Work task = The records that follow are to be repeated exactly, with no pictures carried over.

▽

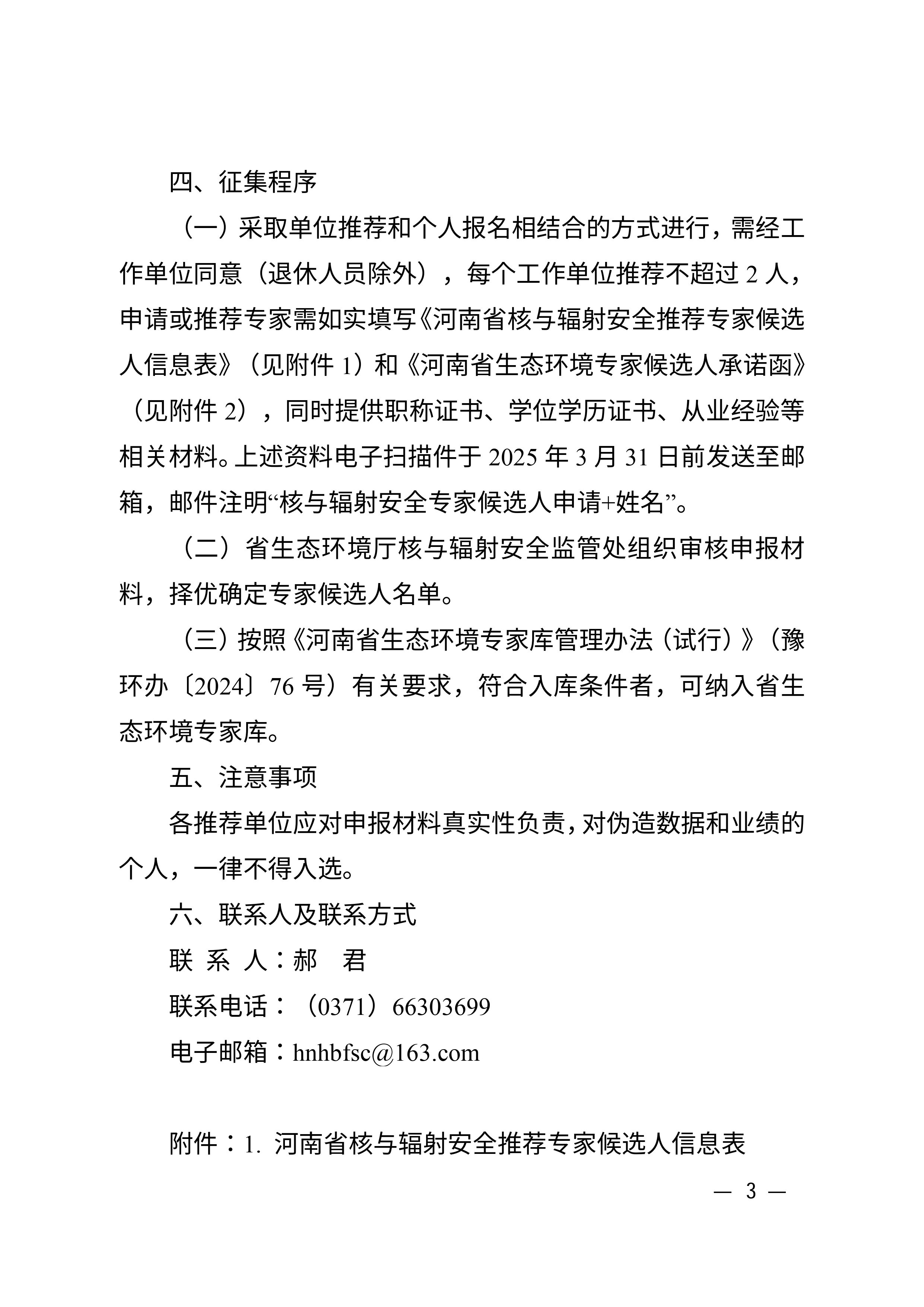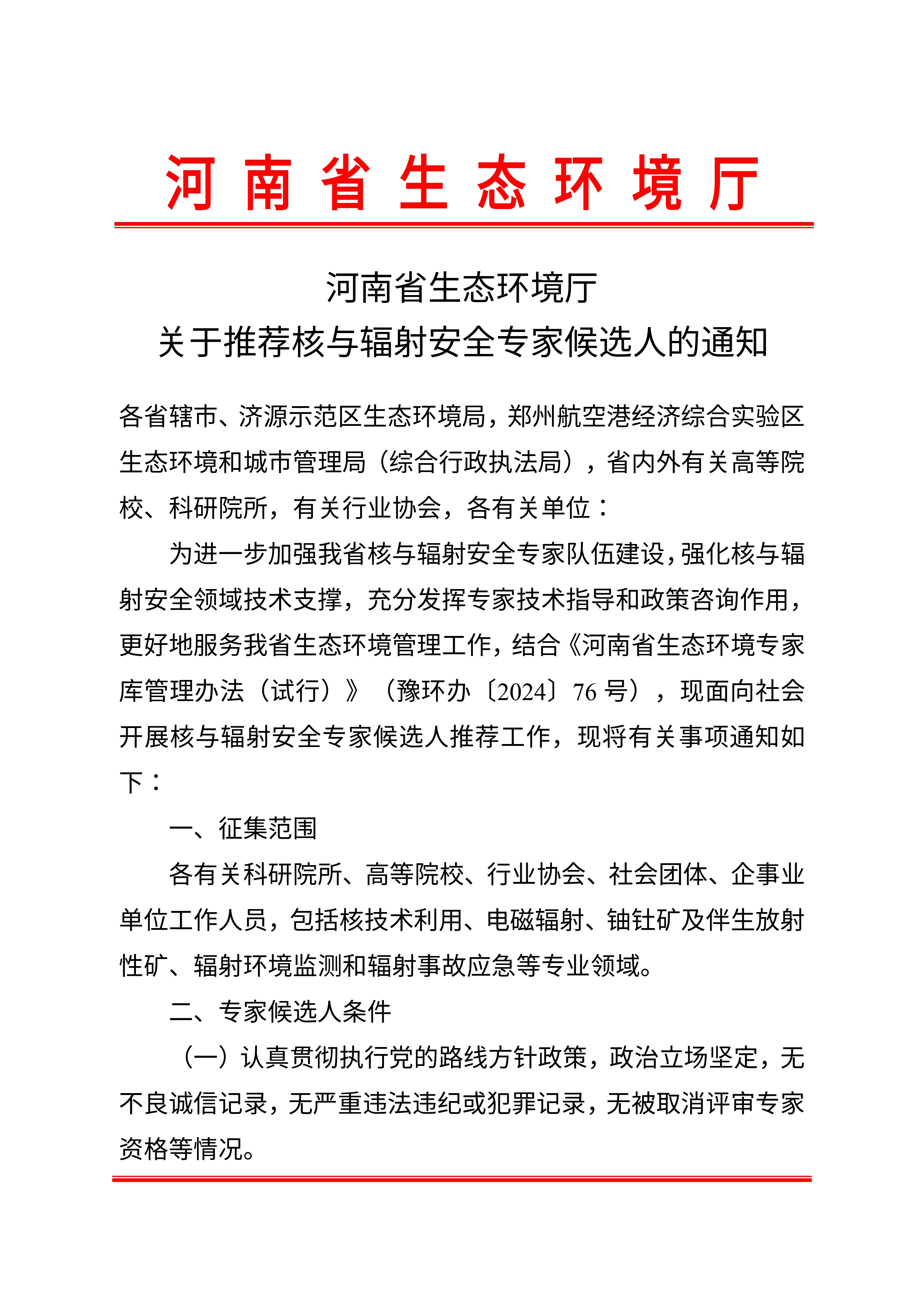 附件下载:附件1、2:河南省核与辐射安全推荐专家候选人信息表、河南省生态环境专家候选人承诺函.rar
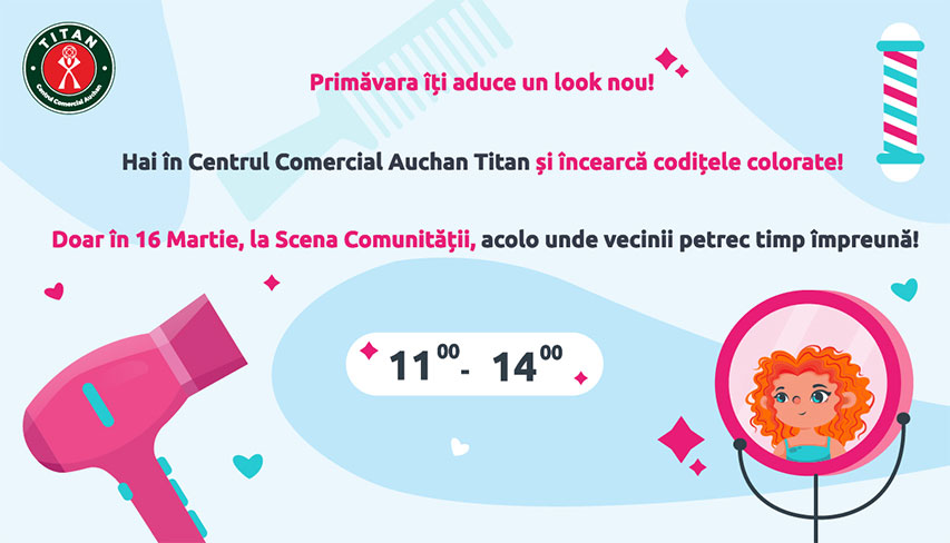 Pentru că orice aniversare de 18 ani are nevoie și de o schimbare de look, ne-am organizat în luna martie cu un eveniment pentru copii. Salonul de Styling a adus multă culoare în Centrul Comercial Auchan Titan!
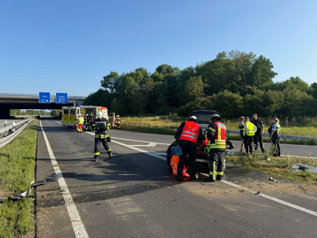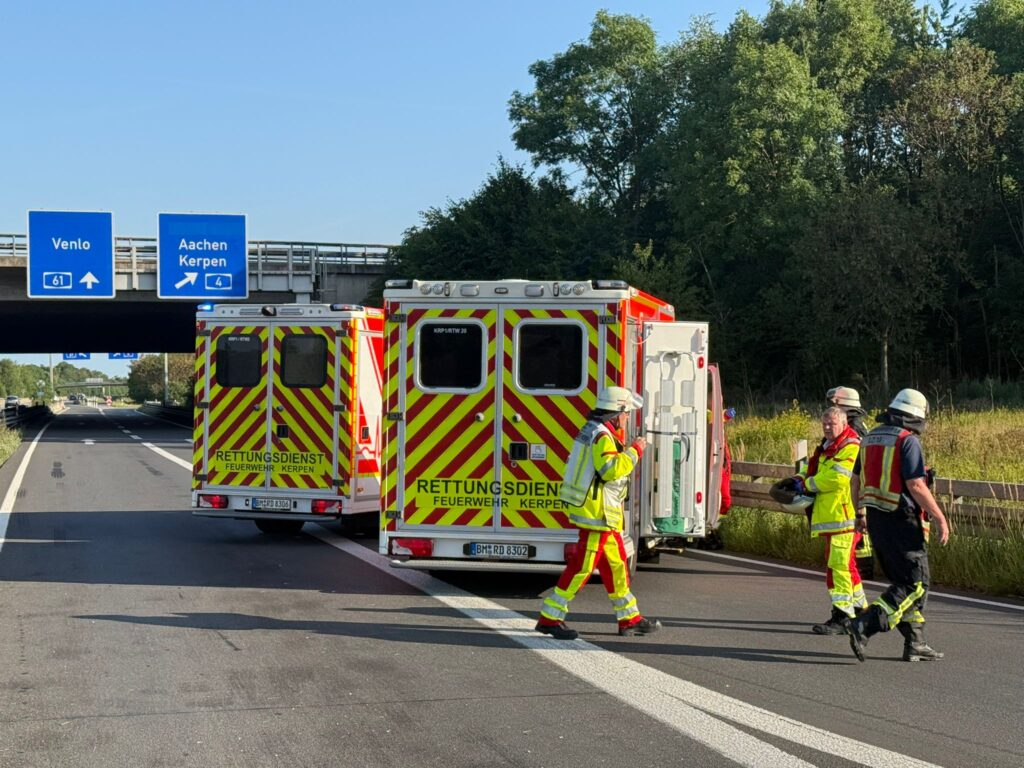 Am heutigen Morgen kam es auf der Autobahn 61 im Kreuz Kerpen zu einem schweren Verkehrsunfall mit mehreren Verletzten. Ein voll besetzter PKW kam aus bisher ungeklärter Ursache in einer Tangente im Autobahnkreuz von der Fahrbahn ab und prallte frontal in die Leitplanke.
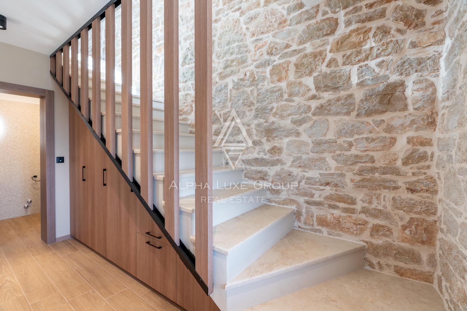 Nemovitost se rozkládá na ploše 137,58 m² na třech podlažích, propojených elegantním vnitřním schodištěm se skleněnou stěnou, která vnáší další světlo a zdůrazňuje kombinaci moderního designu a tradičních kamenných zdí.
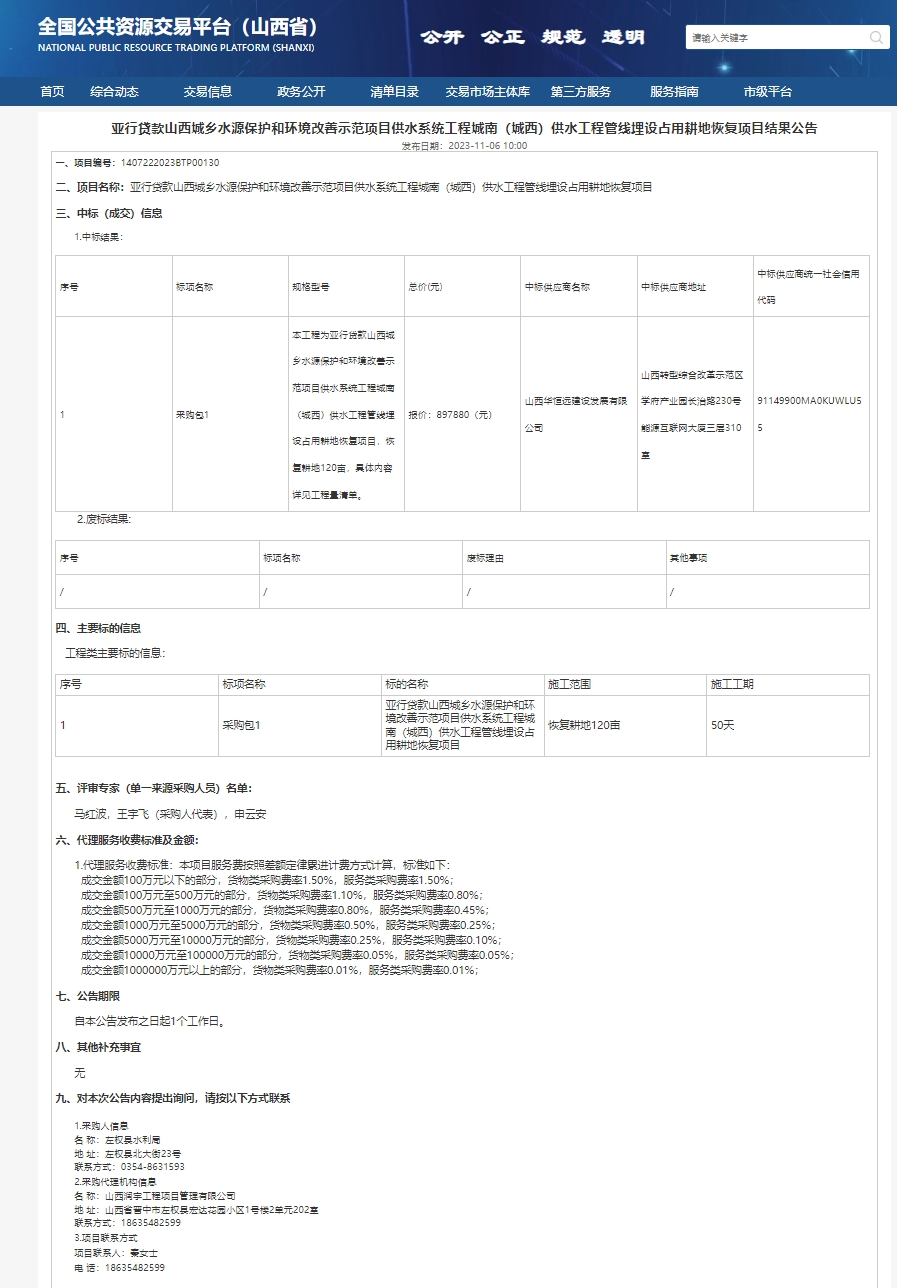 亞行貸款山西城鄉水源保護和環境改善示范項目供水系統工程城南(城西)供水工程管線埋設占用耕地恢復項目
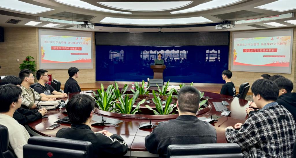出发前,带队老师强调了实习期间的安全事项,叮嘱学生牢固树立安全意识,确保学生顺利安全到岗。抵达企业后,校企双方紧密合作,协助学生办理报到、入住等手续。随后,校企联合召开实习动员大会,带队老师周健围绕实习安全、廉洁从业等内容发表讲话,鼓励学生们诚实守信、爱岗敬业、勤勉工作,自觉遵守规章制度,展现良好的职业道德风貌。
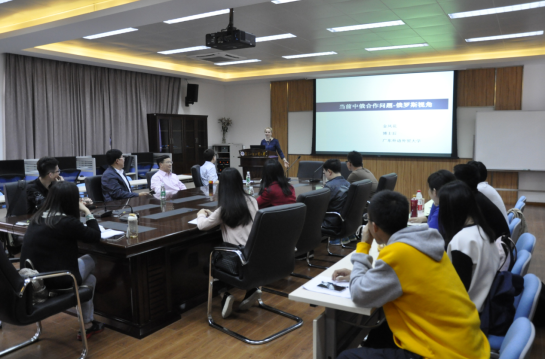 2016年3月31日,云山学术沙龙第106期讲座“当前中俄合作问题:俄罗斯视角”在六教B415举行。本次讲座的主讲人是目前在广外攻读博士后的俄罗斯学者金凤花博士。讲座由欧洲研究中心主任陈寒溪教授主持。留学生教育学院院长梁学宏教授、法学院副院长王树春教授、俄语专业博士生、欧洲学专业研究生参加了讲座。

△

Your solution =
 附件下载:附件1、2:河南省核与辐射安全推荐专家候选人信息表、河南省生态环境专家候选人承诺函.rar
 Pentru că orice aniversare de 18 ani are nevoie și de o schimbare de look, ne-am organizat în luna martie cu un eveniment pentru copii. Salonul de Styling a adus multă culoare în Centrul Comercial Auchan Titan!
 Am heutigen Morgen kam es auf der Autobahn 61 im Kreuz Kerpen zu einem schweren Verkehrsunfall mit mehreren Verletzten. Ein voll besetzter PKW kam aus bisher ungeklärter Ursache in einer Tangente im Autobahnkreuz von der Fahrbahn ab und prallte frontal in die Leitplanke.
 Nemovitost se rozkládá na ploše 137,58 m² na třech podlažích, propojených elegantním vnitřním schodištěm se skleněnou stěnou, která vnáší další světlo a zdůrazňuje kombinaci moderního designu a tradičních kamenných zdí.
 亞行貸款山西城鄉水源保護和環境改善示范項目供水系統工程城南(城西)供水工程管線埋設占用耕地恢復項目
出发前,带队老师强调了实习期间的安全事项,叮嘱学生牢固树立安全意识,确保学生顺利安全到岗。抵达企业后,校企双方紧密合作,协助学生办理报到、入住等手续。随后,校企联合召开实习动员大会,带队老师周健围绕实习安全、廉洁从业等内容发表讲话,鼓励学生们诚实守信、爱岗敬业、勤勉工作,自觉遵守规章制度,展现良好的职业道德风貌。
 2016年3月31日,云山学术沙龙第106期讲座“当前中俄合作问题:俄罗斯视角”在六教B415举行。本次讲座的主讲人是目前在广外攻读博士后的俄罗斯学者金凤花博士。讲座由欧洲研究中心主任陈寒溪教授主持。留学生教育学院院长梁学宏教授、法学院副院长王树春教授、俄语专业博士生、欧洲学专业研究生参加了讲座。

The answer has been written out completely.